REQUIRED ACTION
Only the lines from the one that includes "Hast du eigene" through the last line below belong in the reply, copied exactly and without pictures.

COLLECTED DATA

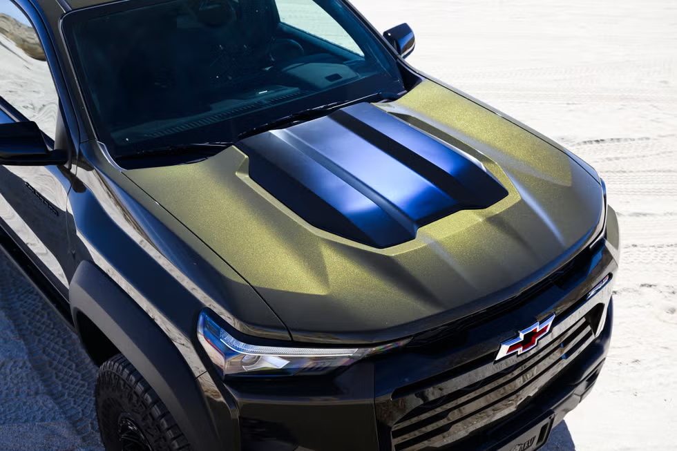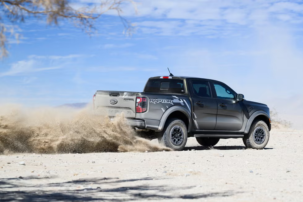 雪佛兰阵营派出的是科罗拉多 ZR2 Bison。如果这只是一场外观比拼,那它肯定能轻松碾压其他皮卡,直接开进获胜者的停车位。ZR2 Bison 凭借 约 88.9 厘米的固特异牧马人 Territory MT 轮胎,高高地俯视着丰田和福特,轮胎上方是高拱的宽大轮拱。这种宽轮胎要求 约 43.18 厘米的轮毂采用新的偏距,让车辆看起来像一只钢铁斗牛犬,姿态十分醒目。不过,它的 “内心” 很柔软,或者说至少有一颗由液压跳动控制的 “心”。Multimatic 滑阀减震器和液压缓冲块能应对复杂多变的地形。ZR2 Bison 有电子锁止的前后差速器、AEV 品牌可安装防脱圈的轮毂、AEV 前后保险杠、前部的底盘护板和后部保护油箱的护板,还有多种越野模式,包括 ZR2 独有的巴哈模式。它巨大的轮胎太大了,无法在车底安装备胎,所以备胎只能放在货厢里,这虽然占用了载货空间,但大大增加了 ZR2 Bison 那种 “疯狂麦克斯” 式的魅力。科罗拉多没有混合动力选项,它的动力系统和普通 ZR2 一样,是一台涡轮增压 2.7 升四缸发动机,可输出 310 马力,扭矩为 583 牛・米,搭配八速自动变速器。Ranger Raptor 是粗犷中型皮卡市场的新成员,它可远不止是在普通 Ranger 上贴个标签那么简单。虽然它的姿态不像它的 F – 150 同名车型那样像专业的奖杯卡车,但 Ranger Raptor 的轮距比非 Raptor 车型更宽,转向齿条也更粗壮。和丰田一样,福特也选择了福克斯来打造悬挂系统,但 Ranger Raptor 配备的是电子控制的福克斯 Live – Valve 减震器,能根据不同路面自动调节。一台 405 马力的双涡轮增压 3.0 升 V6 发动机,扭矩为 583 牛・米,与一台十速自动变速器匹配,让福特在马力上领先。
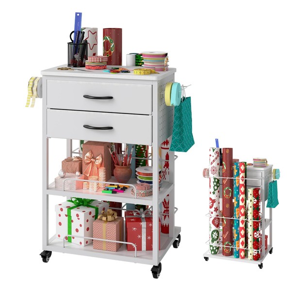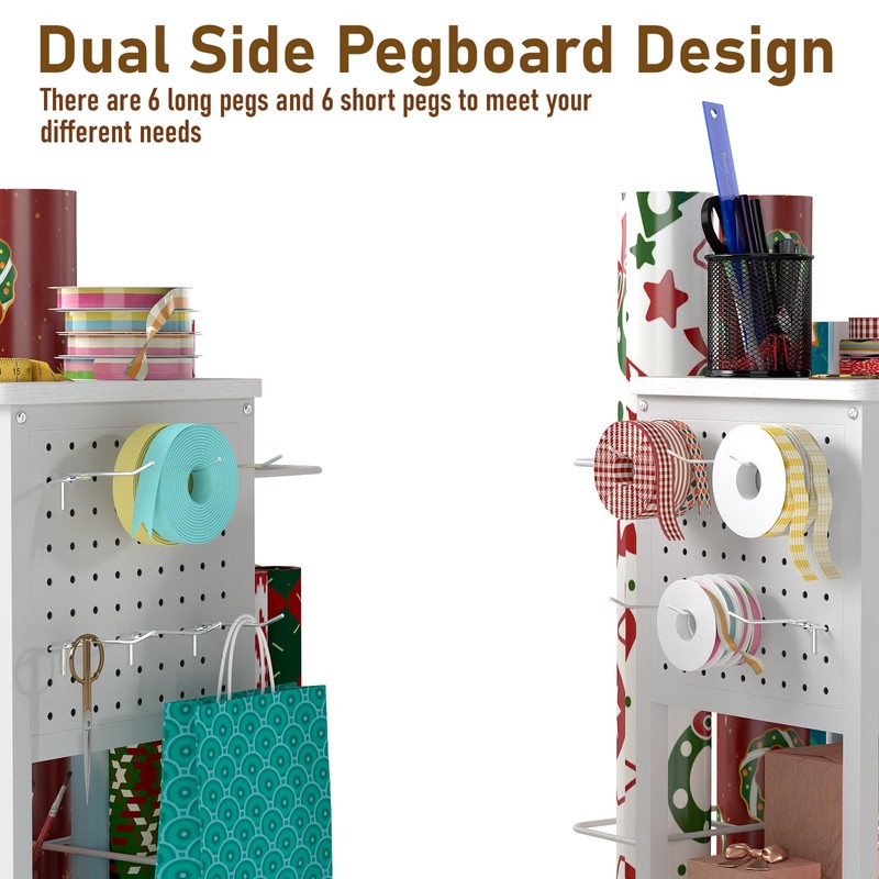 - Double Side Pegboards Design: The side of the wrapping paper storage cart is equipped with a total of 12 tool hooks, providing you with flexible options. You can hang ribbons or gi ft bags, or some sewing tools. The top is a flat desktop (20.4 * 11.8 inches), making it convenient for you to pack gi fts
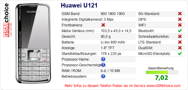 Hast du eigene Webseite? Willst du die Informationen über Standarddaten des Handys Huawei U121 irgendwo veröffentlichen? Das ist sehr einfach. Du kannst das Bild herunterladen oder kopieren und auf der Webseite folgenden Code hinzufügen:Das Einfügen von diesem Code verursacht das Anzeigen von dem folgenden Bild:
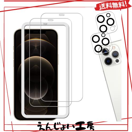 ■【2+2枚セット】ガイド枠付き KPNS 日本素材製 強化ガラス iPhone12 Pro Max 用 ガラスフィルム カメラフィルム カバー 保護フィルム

EXERCISE SOLUTION
 Hast du eigene Webseite? Willst du die Informationen über Standarddaten des Handys Huawei U121 irgendwo veröffentlichen? Das ist sehr einfach. Du kannst das Bild herunterladen oder kopieren und auf der Webseite folgenden Code hinzufügen:Das Einfügen von diesem Code verursacht das Anzeigen von dem folgenden Bild:
 ■【2+2枚セット】ガイド枠付き KPNS 日本素材製 強化ガラス iPhone12 Pro Max 用 ガラスフィルム カメラフィルム カバー 保護フィルム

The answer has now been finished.